Here’s a recipe with a simple stir-together meal from EatRight.org.
8 oz uncooked penne pasta
2 tablespoons extra-virgin olive oil
2 cloves garlic, minced
1 16oz package frozen broccoli florets, thawed
1 16 oz can of garbanzo beans, drained and rinsed
1 medium-sized red bell pepper, thinly sliced; slices halved
½ teaspoon salt
¼ cup freshly grated or shredded parmesan cheese
Freshly ground black pepper
- Cook pasta in boiling salted water according to package directions.

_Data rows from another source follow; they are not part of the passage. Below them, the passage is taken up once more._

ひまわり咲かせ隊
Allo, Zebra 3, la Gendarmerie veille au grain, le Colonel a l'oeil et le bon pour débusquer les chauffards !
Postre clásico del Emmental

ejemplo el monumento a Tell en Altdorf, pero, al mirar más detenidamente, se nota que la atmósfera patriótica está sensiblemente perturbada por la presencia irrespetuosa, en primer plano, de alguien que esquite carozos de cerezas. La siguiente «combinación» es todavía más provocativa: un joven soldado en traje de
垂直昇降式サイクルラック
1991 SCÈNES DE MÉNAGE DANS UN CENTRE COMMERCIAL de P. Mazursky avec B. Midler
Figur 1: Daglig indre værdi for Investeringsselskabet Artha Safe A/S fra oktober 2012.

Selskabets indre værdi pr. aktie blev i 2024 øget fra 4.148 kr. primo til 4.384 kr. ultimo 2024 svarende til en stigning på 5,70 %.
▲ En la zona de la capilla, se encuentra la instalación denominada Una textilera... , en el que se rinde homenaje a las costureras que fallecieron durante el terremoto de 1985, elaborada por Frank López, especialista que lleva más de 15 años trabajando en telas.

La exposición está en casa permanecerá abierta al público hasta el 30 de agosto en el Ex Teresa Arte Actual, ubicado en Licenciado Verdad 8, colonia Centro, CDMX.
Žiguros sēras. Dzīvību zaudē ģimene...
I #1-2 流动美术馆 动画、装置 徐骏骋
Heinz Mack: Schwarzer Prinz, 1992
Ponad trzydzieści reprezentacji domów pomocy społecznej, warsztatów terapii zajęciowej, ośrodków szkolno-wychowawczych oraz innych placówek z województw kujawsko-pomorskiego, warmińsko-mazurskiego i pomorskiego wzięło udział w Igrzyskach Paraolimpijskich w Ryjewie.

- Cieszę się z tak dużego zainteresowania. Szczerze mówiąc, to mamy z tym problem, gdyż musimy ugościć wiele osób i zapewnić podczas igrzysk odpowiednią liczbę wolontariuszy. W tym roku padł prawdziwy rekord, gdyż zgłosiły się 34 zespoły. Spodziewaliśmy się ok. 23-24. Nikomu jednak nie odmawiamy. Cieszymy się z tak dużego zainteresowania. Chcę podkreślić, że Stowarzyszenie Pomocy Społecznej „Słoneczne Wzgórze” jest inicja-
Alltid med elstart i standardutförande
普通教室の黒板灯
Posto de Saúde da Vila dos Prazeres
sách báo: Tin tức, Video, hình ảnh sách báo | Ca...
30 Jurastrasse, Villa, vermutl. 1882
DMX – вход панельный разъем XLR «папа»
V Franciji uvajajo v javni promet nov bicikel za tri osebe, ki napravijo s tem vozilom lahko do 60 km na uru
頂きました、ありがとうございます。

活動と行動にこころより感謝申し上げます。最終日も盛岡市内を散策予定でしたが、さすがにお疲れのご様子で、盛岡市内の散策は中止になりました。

- Heat the oil in a large skillet over low heat
- Add the garlic and sauté for 5 minutes, allowing the flavors to fully release into the oil
- Add the broccoli, beans, pepper, 3 tablespoons water, and salt
- Cover and adjust heat to medium. Steam, stirring occasionally, 5 to 7 minutes, or until the broccoli is hot and pepper is crisp and tender
- Toss the pasta with the vegetables. Top with the parmesan cheese and fresh pepper
For a spicier flavor, add more garlic and/or pepper.
Substitute any vegetables you like, varying cooking time as needed.
Serving size: 1 cup
Calories: 265, Total fat: 6g, Saturated fat: 2g, Cholesterol: 2mg, Sodium: 215mg, Total Carbohydrates: 41g, Dietary fiber: 7g, Protein: 12g
Note: You can use 16oz (2 cups) of frozen peas instead of garbanzo beans, if you prefer. The amount of protein is similar.